### Create graph with current version of morph_kgc

In [103]:
import morph_kgc

In [104]:
config = """
             [GTFS-Madrid-Bench]
             mappings: mapping.csv.ttl
         """

In [105]:
g = morph_kgc.materialize(config)

INFO | 2023-05-03 14:07:46,377 | Parallelization is not supported for win32 when running as a library.
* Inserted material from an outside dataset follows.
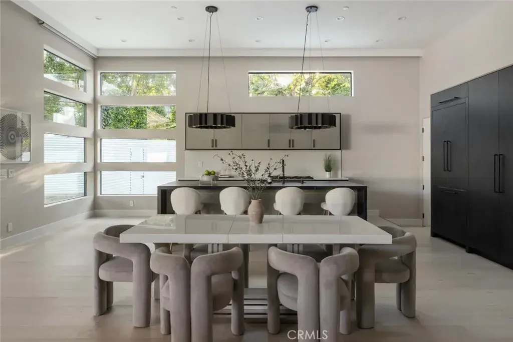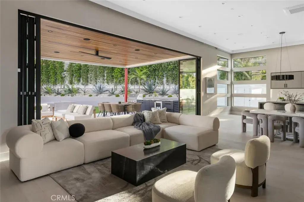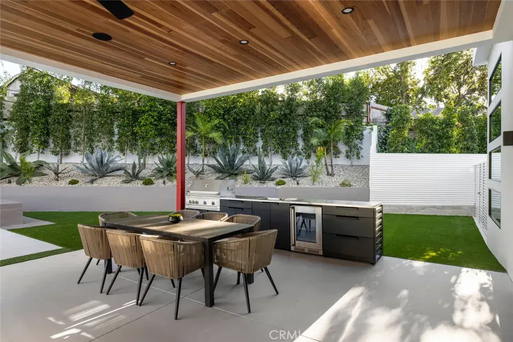 Soaring 13-foot ceilings throughout the home create an airy, expansive atmosphere throughout, while the seamless indoor-outdoor design blurs the line between interior comfort and alfresco living. The custom kitchen features built-in appliances and flows effortlessly into the entertaining spaces, making it ideal for hosting.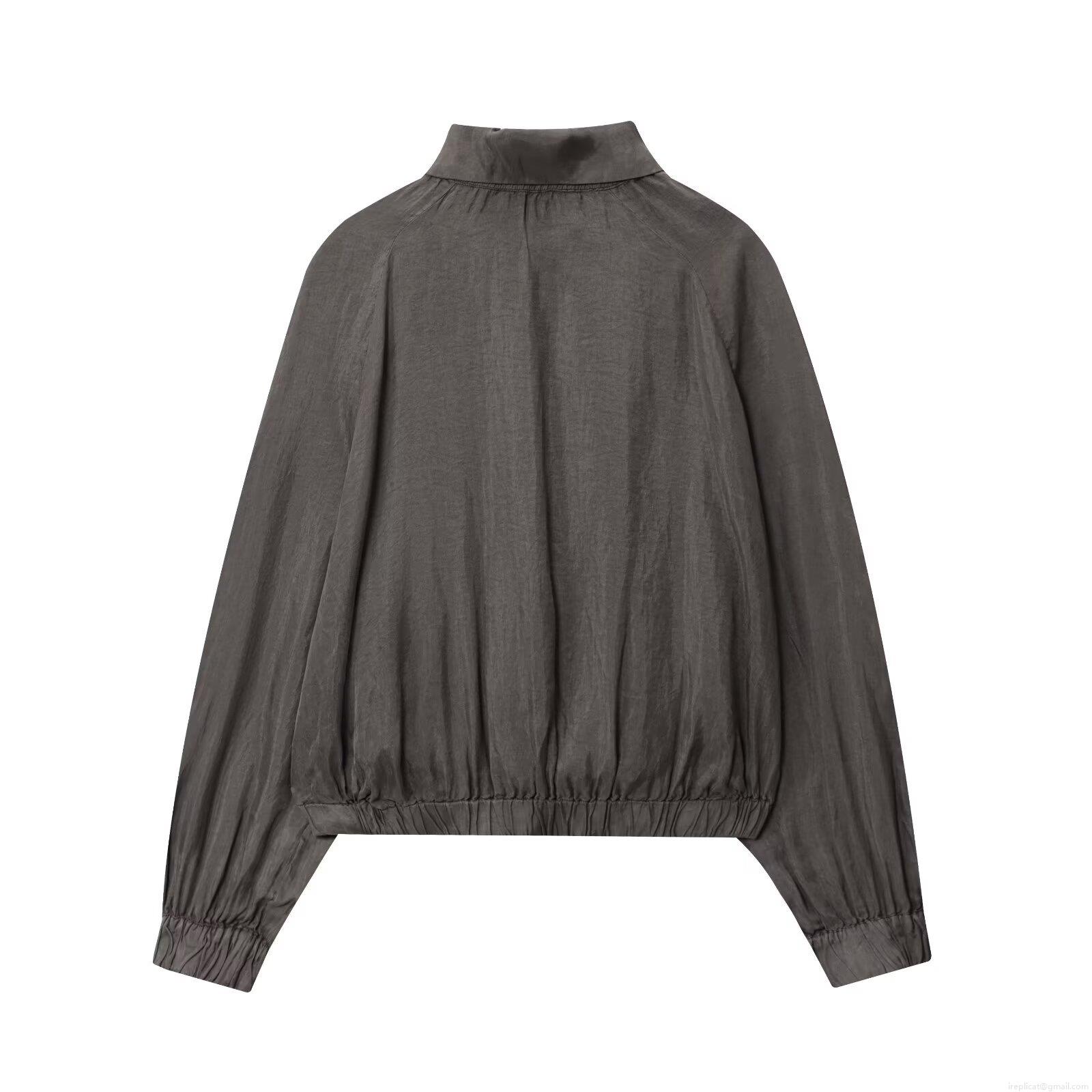 Women's Chic Bomber Jacket Cotton Polyamide Blend Zipper Stand Collar Drawstring Streetwear Flight Jacket Outerwear For Ladies

If you need to speed up your data integration pipeline, please run through the command line.
INFO | 2023-05-03 14:07:47,628 | 156 mapping rules retrieved.
INFO | 2023-05-03 14:07:47,693 | Mapping partition with 81 groups generated.
INFO | 2023-05-03 14:07:47,694 | Maximum number of rules within mapping group: 14.
INFO | 2023-05-03 14:07:47,694 | Mappings processed in 1.315 seconds.
INFO | 2023-05-03 14:07:48,876 | Number of triples generated in total: 2001.


### Mapping file tests

In [109]:
import rdflib

In [152]:
g = rdflib.Graph().parse('mapping.csv.ttl')

In [153]:
len(g)

942

In [144]:
q = """
        PREFIX rml: <http://semweb.mmlab.be/ns/rml#>
        PREFIX sd: <https://w3id.org/okn/o/sd/>
        PREFIX ql: <http://semweb.mmlab.be/ns/ql#>
            
        DELETE {
            ?source rml:source ?source_file.
            ?source ?r ?t.
        }
        INSERT {
            #?source rml:source ?source_file. # TODO: remove this
            ?source a rml:LogicalSource;
                rml:source [
                    a sd:DatasetSpecification;
                    sd:name ?source_file;
                    sd:hasDataTransformation [
                        sd:hasSoftwareRequirements "pandas>=1.1.0";
                        sd:hasSourceCode [
                            sd:programmingLanguage "Python3.9";
			            ];
		            ];
                ].
        }
        WHERE {
            ?source rml:source ?source_file.
        }
      """
q_res = g.update(q)

In [141]:
len(g)

1098

In [154]:
q = """
         PREFIX rml: <http://semweb.mmlab.be/ns/rml#>

         SELECT ?source {
            ?h rml:source ?source
         }
      """

q_res = g.query(q)

for row in q_res:
    print(row['source'])

data/STOP_TIMES.csv
data/TRIPS.csv
data/ROUTES.csv
data/AGENCY.csv
data/STOPS.csv
data/CALENDAR.csv
data/CALENDAR.csv
data/CALENDAR_DATES.csv
data/CALENDAR_DATES.csv
data/FEED_INFO.csv
data/SHAPES.csv
data/SHAPES.csv
data/FREQUENCIES.csv


In [17]:
q = """
         PREFIX rml: <http://semweb.mmlab.be/ns/rml#>

         SELECT ?r ?t {
            :source_000 ?r ?t
         }
      """

q_res = g.query(q)

for row in q_res:
    print(row['r'], row['t'])

http://www.w3.org/1999/02/22-rdf-syntax-ns#type http://semweb.mmlab.be/ns/rml#LogicalSource
http://semweb.mmlab.be/ns/rml#source data/STOP_TIMES.csv
http://semweb.mmlab.be/ns/rml#referenceFormulation http://semweb.mmlab.be/ns/ql#CSV


# Incremental KG construction tests

In [1]:
import sys
sys.path.append('../src/')

In [5]:
import incremental_kg as inc

## Aux to disk

#### Create new graph

In [4]:
g = inc.load_kg_aux_to_disk(
    aux_data_path='.aux',
    mapping_file='mapping.csv.ttl',
    snapshot_file='snapshot.pkl',
    old_graph=None)

INFO | 2023-05-03 14:31:00,740 | Parallelization is not supported for win32 when running as a library. If you need to speed up your data integration pipeline, please run through the command line.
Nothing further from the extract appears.